Quien no hace oración va en contra del primer mandamiento de la ley de Dios y peca. Y puede pecar grave o levemente, según sea el asunto. Y en la renuncia de Benedicto XVI el asunto es grave. Luego, si el alma no se recoge en oración para tratar ese asunto con Dios y ver la Verdad de todo eso, el alma peca gravemente. Y, en ese pecado, obedece a una mentira y se conforma con esa mentira.

Ya su inteligencia se oscurece y no puede juzgar rectamente lo que está pasando. Y, a raíz de ese pecado, con la inteligencia oscurecida, se cometen otros pecados.

Llega Francisco y se obedece a un hereje. Se la da una obediencia falsa. Ese es otro pecado mayor que el anterior. Porque quien obedece a un hereje, se hace hereje como él.

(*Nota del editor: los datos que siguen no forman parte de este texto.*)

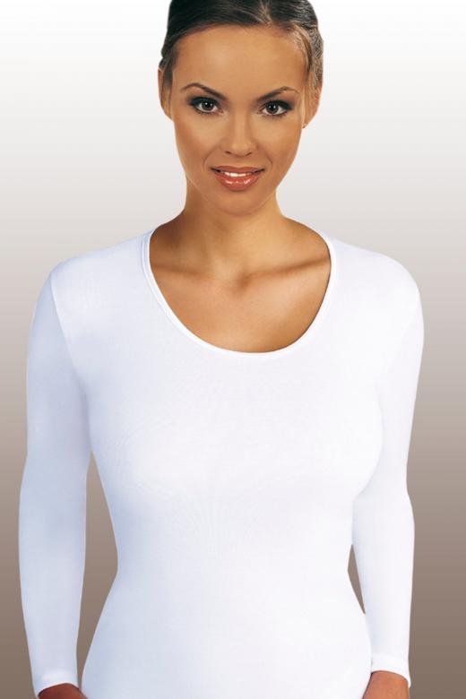 Dámské tričko má kulatý výstřih a dlouhý rukáv.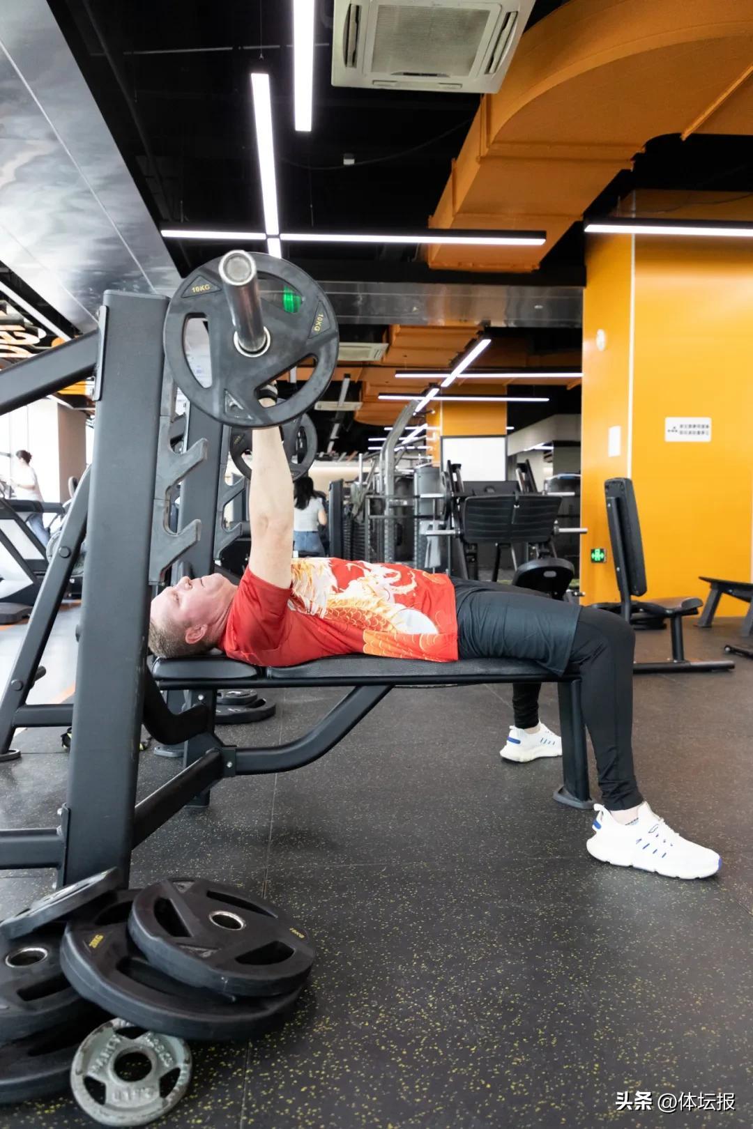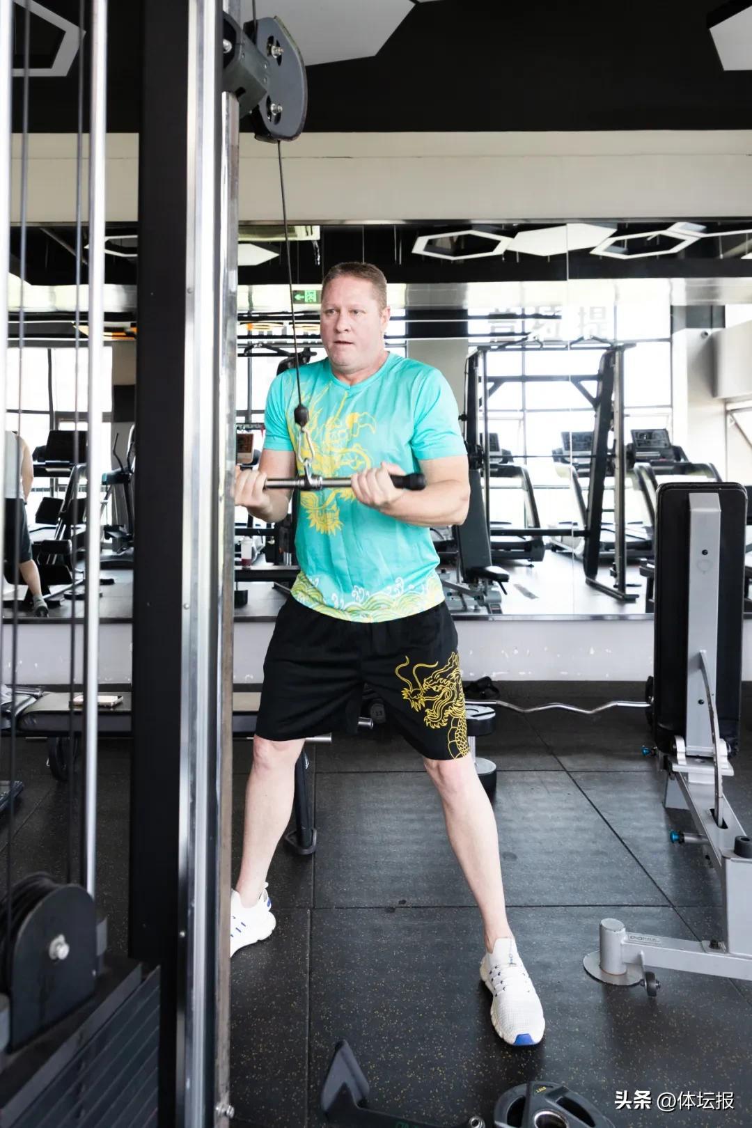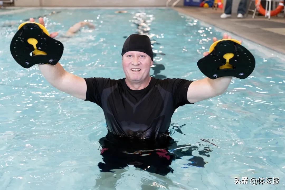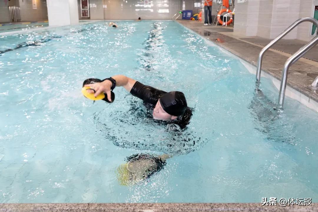 記者跟隨王偉走進健身房游泳池,在這裏還見識到了他自創的“阻力”訓練法——把兩塊手蹼拼成巨型划水板,在水裏復刻龍舟動作,增加肌肉耐力。

Por eso, qué necesario es predicar la Verdad como Es, sin tapujos, sin miedos, sin dudas, sin temores, sin engaños, sin dobles palabras. Y sólo así las almas ven la Verdad.

Quien no predica la Verdad, como lo hace Francisco, deja a las almas en la mentira y se las roba a Cristo.

Francisco está robando almas a la Iglesia. Y la culpa es tanto de Francisco como de las almas que no disciernen lo que ven, lo que oyen. Y no lo hacen por su falta de fe, por estar metidas en lo humano, en el mundo, en lo profano. Y así quieren una Iglesia profana, del mundo, acomodada a sus caprichos humanos.

No hay que tener miedo de decir la Verdad cuando se ve. Cuando el alma no la ve, es mejor que se calle, que no diga nada, hasta que no comprenda en Dios lo que pasa, para no pecar.

Pero el que ve la Verdad y calla, comete otro pecado. Porque quien calla la Verdad habla la mentira. Y la dice con sus obras. El pensamiento calla la verdad, pero el hombre siempre obra lo que hay en su interior.

Un pensamiento que calla la verdad, es un corazón que se cierra al amor y, por tanto, el hombre obra la mentira, el odio, el engaño, la falsedad en su vida.

Por eso, hay muchos sacerdotes, Obispos, que ven la Verdad de lo que pasa, pero callan. Y lo hacen culpablemente porque ellos son Autoridad en la Iglesia y tienen que hablar siempre la Verdad, nunca callar.

El Pastor que calla la Verdad hace que el lobo robe las ovejas con la mentira. Y comete un gran pecado al callar la Verdad: el pecado de renunciar a las ovejas de Cristo, para quedarse en su vida humana sin problemas.

Y quien renuncia a las ovejas, que Cristo le ha dado, inutiliza la Obra de la Redención de Cristo y crucifica de nuevo a Cristo en su sacerdocio, en su ministerio en la Iglesia. Y, por tanto, ese sacerdote o ese Obispo, esa Autoridad que calla, sabiendo la Verdad, se convierte en instrumento del demonio dentro de la Iglesia.

Por eso, tenemos un Vaticano que es la sinagoga de Satanás: dan culto a las obras del demonio. Se ha apartado de la Verdad. Y no se les puede dar la obediencia.

Por eso, a la Iglesia le espera las catacumbas. Es que no hay otro camino. Y al Papa Benedicto XVI le espera las catacumbas si sale de su pecado.

Primero tiene que salir del pecado; después salir de Roma. Ya es viejo, pero para el Señor no hay edades. Quien tiene la fuerza del Espíritu, aunque sea viejo, cumple la Voluntad de Dios. Y eso es lo que tiene que hacer el Papa Benedicto XVI si quiere salvarse.